Directions for this task:
Please copy exactly the lines from the first in the records through the line that contains "器用等级达到7级才能获得2个晶芯能量。", but not the pictures.

Data for this task:
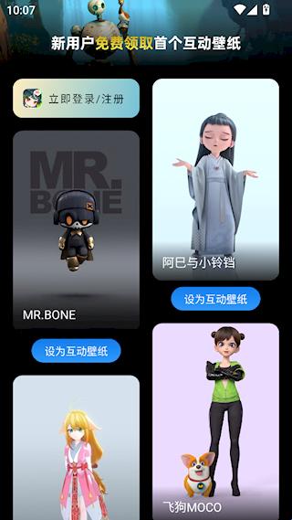 1、打开次元互动壁纸应用程序后,您可以看到各种图像,然后单击将其设置为交互式壁纸。
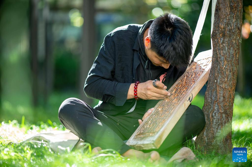 A carver with Tibetan woodblock art, a regional intangible cultural heritage, works in Lhasa, southwest China's Xizang Autonomous Region, Aug. 6, 2025.
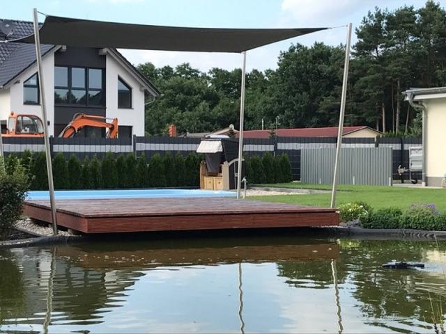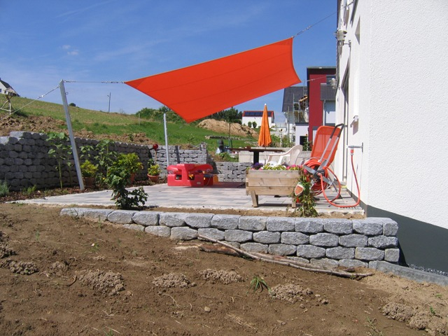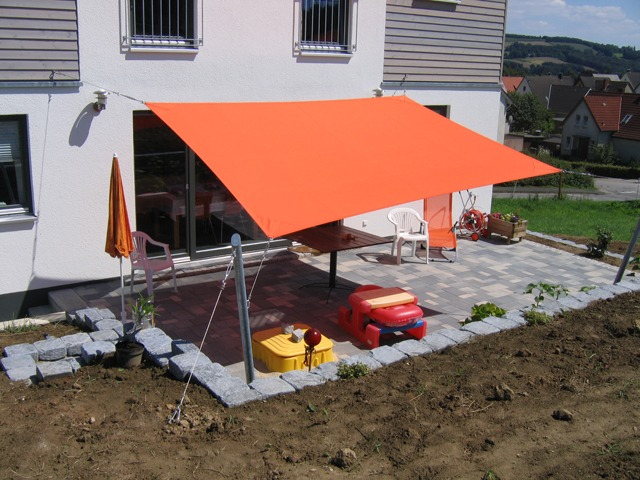 Durch den Saum ringsum wird ein Edelstahldrahtseil geführt und die Seilenden mittels Drahtseilklemmen verbunden. Dadurch kann das Sonnensegel mit Spannschlössern werkzeuglos eingehängt, als auch ausgehängt werden.
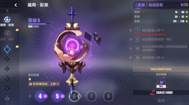 器用等级达到7级才能获得2个晶芯能量。
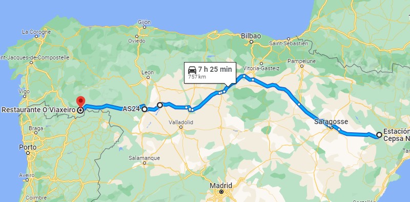 A 9h pétante je suis à A Estrada, un numéro en +34 m'appelle, me demande où je suis. Le gars me tutoie, donc moi pareil, je me dis que c'est le monteur. Je lui raconte que je suis garé dans une rue que j'ai repérée sur Google. Je vais voir à pied si je peux approcher... A l'adresse indiquée il y a des barrières jaunes et l'arrêté municipal accroché, c'est fait dans les règles. Le gars arrive dans une grosse Merco genre GLE je crois. En fait c'est pas le monteur mais le client. Je l'ai tutoyé, pas grave, en Espagne tout le monde tutoie tout le monde, hormis le roi et les flics et encore... Je retourne chercher le camion. Je livre une piscine « couloir de nage » et rallongée de 3m encore, je ne m'expliquais pas comment c'est possible en pleine ville. En fait le gars a une maison de maître avec un terrain gigantesque enclavé, tellement grand qu'il fait poser la moitié d'un bassin olympique dans son jardin. Le type est blindé et bien sympa. Pour repartir c'est plus simple, je tire tout droit et je tombe sur une nationale, fastoche.
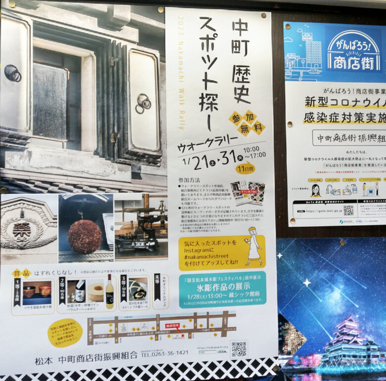 2年前に「Goto商店街」(現「がんばろう商店街」)に応募して採択された後、コロナ禍で延び延びになっていた「中町 歴史スポット探し ウォークラリー」イベントを、今週末の氷彫フェスティバルに合わせて1/21~31(日)に開催中です。
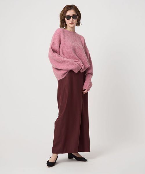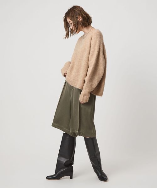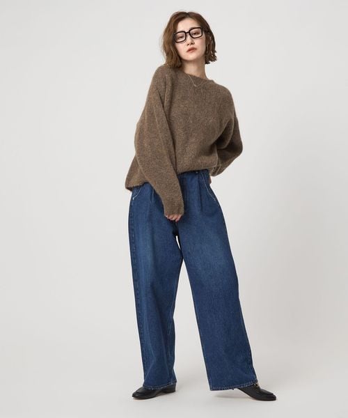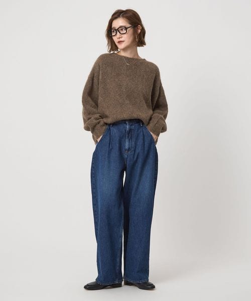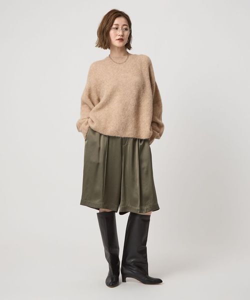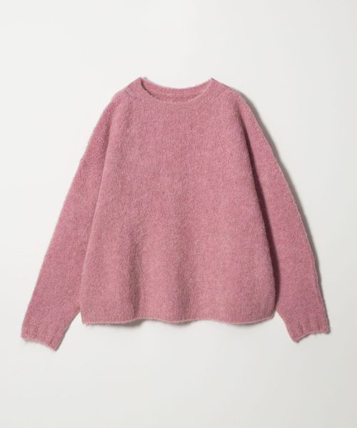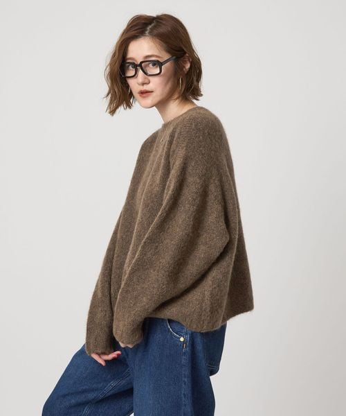 毛足のある表情がぬくもり感じるボクシーなシルエットのクルーネックニット。

Solution:
 1、打开次元互动壁纸应用程序后,您可以看到各种图像,然后单击将其设置为交互式壁纸。
 A carver with Tibetan woodblock art, a regional intangible cultural heritage, works in Lhasa, southwest China's Xizang Autonomous Region, Aug. 6, 2025.
 Durch den Saum ringsum wird ein Edelstahldrahtseil geführt und die Seilenden mittels Drahtseilklemmen verbunden. Dadurch kann das Sonnensegel mit Spannschlössern werkzeuglos eingehängt, als auch ausgehängt werden.
 器用等级达到7级才能获得2个晶芯能量。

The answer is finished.